How do uncertain and approximate play with style coding? Right now, CSL just has one is-uncertain-date="issued" condition; it doesn’t distinguish between uncertain and approximate senses of “circa”.

Are uncertain vs approximate dates rendered differently in styles, or are they just both annotated as “circa”? If there isn’t a rendering difference, then let’s just add uncertain and approximate while also retaining circa in a deprecated state. All three of these would make is-uncertain-date="issued" test true.

You can see how biblatex handles it in the screenshot above; prefaced by “circa” for approximate, and with a “?” suffix for uncertain.

As you know, CSL has no such distinction, currently; only supporting the “approximate/circa.”

Here’s a gist of the basic json schema of just the date object.

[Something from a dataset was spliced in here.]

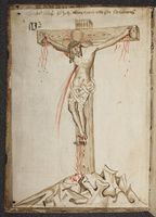 Wyklejka górnej okładziny: Chrystusa ukrzyżowany, rysunek piórkiem; nota własnościowa i sygnatura dawnej Państwowej i Uniwersyteckiej Biblioteki w Królewcu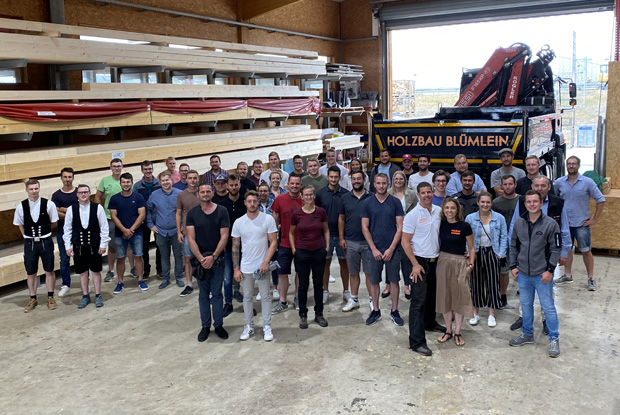 Für den potentiellen Nachwuchs der familiengeführten Zimmerer- und Holzbaubetriebe stand am 29. Juni 2022 ein besonderes Highlight auf dem Programm: Der Besuch bei zwei fränkischen Holzbau-Unternehmen: der Holzbau Blümlein GmbH in Forchheim und der Holzbau Schorr GmbH & Co. KG in Burghaslach.

Okay, so it would seem that at least these changes are needed in CSL style syntax:

  1. Make a new attribute is-approximate-date that covers existing circa behavior (indicates the date is circa/approximate)
  2. Change the behavior of the existing is-uncertain-date to cover actual uncertainty.
    1. Accompanying this, batch-change all existing styles to use is-approximate-date instead of is-uncertain-date.

As for other changes,

Date ranges

Date range support is currently tricky because circa applies to the date as a whole, which precludes things like this:

  • ca. 1950–1 January 2012
  • ca. 1884–ca. 1902

The main uses for is-uncertain-date currently are to add a “circa” term and to surround the date in brackets. It seems rather odd to require that all styles manually specify how to position circa, question mark, etc. Do these really vary that much? I suggest that we add placement of the circa term and the uncertainy question mark to locale files. (A similar change is needed to provide better support for formatting the ad/bc/ce/bce terms for era notation.)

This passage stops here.